Find all local maximum, minimum, and saddle points of the following function $$f(x,y,z)=x^2+y^2+z^2-xy+x-2z$$

Solution

We proceed with the standard procedure: finding the domain of $f$: $D=\R^3$. Next, we solve the equation $\nabla f(x,y,z)=\mathbf{0}$.

\begin{equation*} \begin{cases} f_{x}=2x-y+1=0\\[0.5em] f_{y}=2y-x=0\\[0.5em] f_{z}=2z-2=0 \end{cases} \;\Rightarrow\; \begin{cases} x=-2/3\\[0.5em] y=-1/3\\[0.5em] z=1 \end{cases} \end{equation*}

From the equations, we see that this equation only has one stationary point $M=\left(-\dfrac{2}{3},-\dfrac{1}{3},1\right)$. We then proceed to find all the second derivatives of $f$:

$$f_{xx}=2,\;f_{yy}=2,\;f_{zz}=2,\;f_{xy}=-1,f_{xz}=0,\;\text{and}\; f_{yz}=0$$

The Hessian matrix at $\left(-\dfrac{2}{3},-\dfrac{1}{3},1\right)$:

$$H_f(M)= \begin{bmatrix} f_{xx} & f_{xy} & f_{xz}\\ f_{yx} & f_{yy} & f_{yz}\\ f_{zx} & f_{zy} & f_{zz} \end{bmatrix}= \begin{bmatrix} 2 & -1 & 0\\ -1 & 2 & 0\\ 0 & 0 & 2 \end{bmatrix}$$

Apply the Sylvester's criterion on $H_f(M)$ by calculating the major sub-matrices of $H_f(M)$:

$$\Delta_1=2>0,\;\; \Delta_2= \begin{vmatrix} 2 & -1\\ -1 & 2 \end{vmatrix}=3>0 \;\;\text{and}\;\; \Delta_3= \begin{vmatrix} 2 & -1 & 0\\ -1 & 2 & 0\\ 0 & 0 & 2 \end{vmatrix}= (-1)^{3+3}\begin{vmatrix} 2 & -1\\ -1 & 2 \end{vmatrix}=6>0,$$

we see that the matrix $H_f(M)$ is positive-definite, therefore $M=\left(-\dfrac{2}{3},-\dfrac{1}{3},1\right)$ is a minimum of $f$ and $$f_{\min}=f\left(-\dfrac{2}{3},-\dfrac{1}{3},1\right)=-\dfrac{4}{3}$$

Find all local maximum, minimum, and saddle points of the following function

$$f(x,y,z)=x^3+xy+y^2-2xz+2z^2+3y-1$$

Solution

We first need to find the domain of $f$: $D=\R^3$. Next, we solve the equation $\nabla f(x,y,z)=\mathbf{0}$.

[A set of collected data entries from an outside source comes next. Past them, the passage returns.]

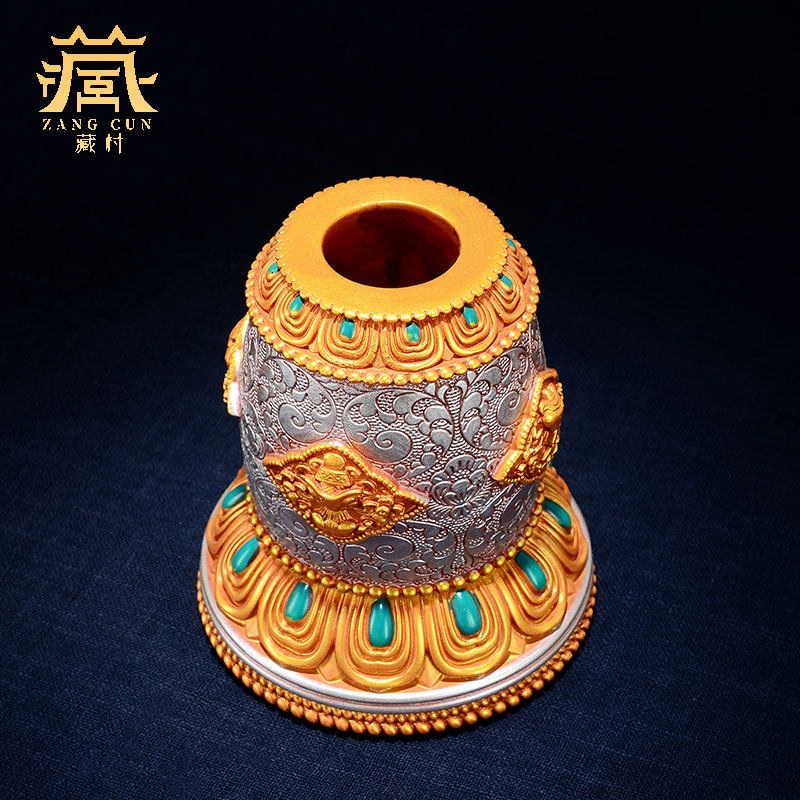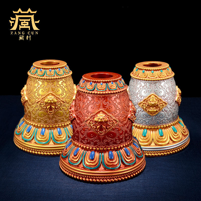 📚 藏村家用八吉祥转轮底座摆件树脂彩绘雕花手摇底座桌面转筒底座
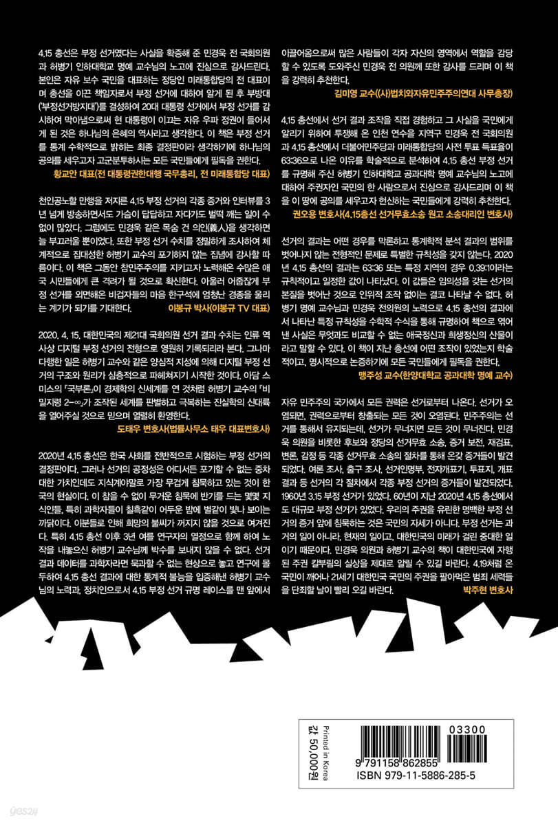 4.15 총선에서 선거 결과 조작을 직접 경험하고 그 사실을 국민에게 알리기 위하여 투쟁해 온 인천 연수을 지역구 민경욱 전 국회의원과 4.15 총선에서 더불어민주당과 미래통합당의 사전 투표 득표율이 63:36으로 나온 이유를 학술적으로 분석하여 4.15 총선 부정 선거를 규명해 주신 허병기 인하대학교 공과대학 명예 교수님의 노고에 대하여 주권자인 국민의 한 사람으로서 진심으로 감사드리며 이 책을 이 땅의 공의를 세우고자 헌신하는 국민들에게 강력히 추천한다. - 권오용 (4.15총선 선거무효소송 원고 소송대리인 변호사)
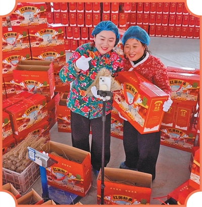 河南省新乡市原阳县路寨乡李庄村村民在电商平台直播带货。
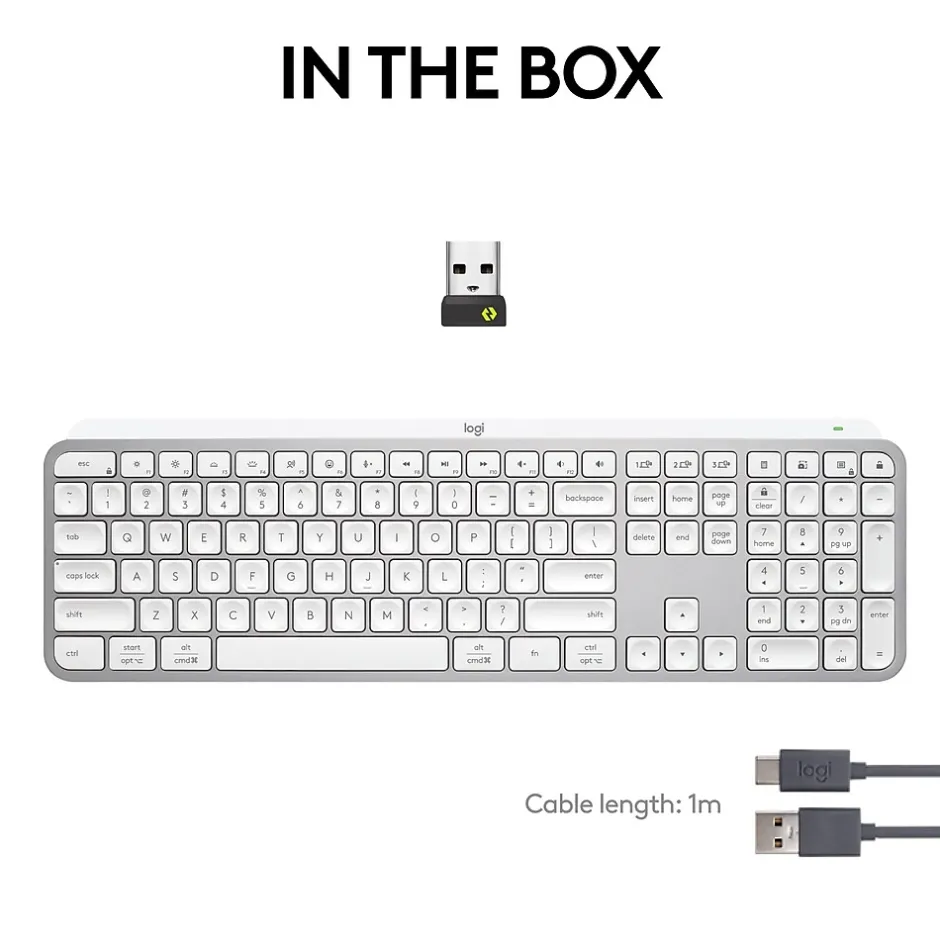 - Package contents: keyboard, Logi Bolt USB receiver, USB Type-C charging cable (USB Type-A to USB Type-C), user documentation

\begin{equation*} \begin{cases} f_{x}=3x^2+y-2z=0\\ f_{y}=x+2y+3=0\\ f_{z}=-2x+4z=0 \end{cases} \;\Rightarrow\; \begin{cases} 3x^2+y-2z=0\\[0.5em] y=-\dfrac{x+3}{2}\\[0.5em] z=\dfrac{1}{2}x \end{cases} \;\Rightarrow\; \begin{cases} 6x^2-3x-3=0\\[0.5em] y=-\dfrac{x+3}{2}\\[0.5em] z=\dfrac{1}{2}x \end{cases} \end{equation*}

Solve for $x$ from the quadratic equation and plug it back into $y$ and $z$, we obtain two stationary points,

$$M=\left(1,-2,\dfrac{1}{2}\right),\;\text{and}\;N=\left(-\dfrac{1}{2},-\dfrac{5}{4},-\dfrac{1}{4}\right).$$

The partial derivatives of $f$:

$$f_{xx}=6x,\;f_{yy}=2,\;f_{zz}=4,\;f_{xy}=1,f_{xz}=-2,\;\text{and}\; f_{yz}=0$$

At $M=\left(1,-2,\dfrac{1}{2}\right)$,

$$H_f(M)= \begin{bmatrix} f_{xx} & f_{xy} & f_{xz}\\ f_{yx} & f_{yy} & f_{yz}\\ f_{zx} & f_{zy} & f_{zz} \end{bmatrix}= \begin{bmatrix} 6 & 1 & -2\\ 1 & 2 & 0\\ -2 & 0 & 4 \end{bmatrix}$$

The major sub-matrices of $H_f(M)$:

$$\Delta_1=6>0,\;\; \Delta_2= \begin{vmatrix} 6 & 1\\ 1 & 2 \end{vmatrix}=7>0 \;\;\text{and}\;\; \Delta_3= \begin{vmatrix} 6 & 1 & -2\\ 1 & 2 & 0\\ -2 & 0 & 4 \end{vmatrix} \;\xrightarrow{-2R_1+R_2\to R_2}\; \begin{vmatrix} 6 & 1 & -2\\ -11 & 0 & 4\\ -2 & 0 & 4 \end{vmatrix}=36>0.$$

We conclude that $H_f(M)$ is positive definite, therefore $M$ is a minimum and $f_{\min}=-\frac{3}{2}$.
At $N=\left(-\dfrac{1}{2},-\dfrac{5}{4},-\dfrac{1}{4}\right)$,

$$H_f(M)= \begin{bmatrix} f_{xx} & f_{xy} & f_{xz}\\ f_{yx} & f_{yy} & f_{yz}\\ f_{zx} & f_{zy} & f_{zz} \end{bmatrix}= \begin{bmatrix} -3 & 1 & -2\\ 1 & 2 & 0\\ -2 & 0 & 4 \end{bmatrix}$$

The major sub-matrices of $H_f(N)$:

$$\Delta_1=-3<0,\;\; \Delta_2=\begin{vmatrix} -3 & 1\\ 1 & 2 \end{vmatrix}=7>0 \;\;\text{and}\;\; \Delta_3= \begin{vmatrix} -3 & 1 & -2\\ 1 & 2 & 0\\ -2 & 0 & 4 \end{vmatrix} \;\xrightarrow{-2R_1+R_2\to R_2}\; \begin{vmatrix} -3 & 1 & -2\\ 7 & 0 & 4\\ -2 & 0 & 4 \end{vmatrix}=36>0.$$

We conclude that $H_f(N)$ is neither positive nor negative definite, therefore $N$ is a saddle point.